> _What to do_:
What you return must be an exact copy of the lines in the listing below between the line holding "茶话会由市美协副秘书长丁设主" and the line holding "The 3 Pairs", inclusive, and nothing more.

> _Information shown_:
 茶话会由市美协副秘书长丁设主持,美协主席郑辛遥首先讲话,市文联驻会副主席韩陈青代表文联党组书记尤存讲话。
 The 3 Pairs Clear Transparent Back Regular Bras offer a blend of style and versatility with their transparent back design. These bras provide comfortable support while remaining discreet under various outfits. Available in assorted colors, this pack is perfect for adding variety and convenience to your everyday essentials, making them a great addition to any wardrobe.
--
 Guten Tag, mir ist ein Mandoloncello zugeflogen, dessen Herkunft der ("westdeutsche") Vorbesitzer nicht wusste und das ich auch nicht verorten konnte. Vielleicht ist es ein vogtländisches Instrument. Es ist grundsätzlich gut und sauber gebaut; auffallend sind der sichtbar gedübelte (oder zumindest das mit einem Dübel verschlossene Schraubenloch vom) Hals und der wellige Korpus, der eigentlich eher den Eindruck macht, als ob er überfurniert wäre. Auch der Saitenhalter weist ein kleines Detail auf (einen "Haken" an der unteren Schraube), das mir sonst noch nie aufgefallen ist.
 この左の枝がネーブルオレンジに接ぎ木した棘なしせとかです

> _Result of this exercise_:
 茶话会由市美协副秘书长丁设主持,美协主席郑辛遥首先讲话,市文联驻会副主席韩陈青代表文联党组书记尤存讲话。
 The 3 Pairs Clear Transparent Back Regular Bras offer a blend of style and versatility with their transparent back design. These bras provide comfortable support while remaining discreet under various outfits. Available in assorted colors, this pack is perfect for adding variety and convenience to your everyday essentials, making them a great addition to any wardrobe.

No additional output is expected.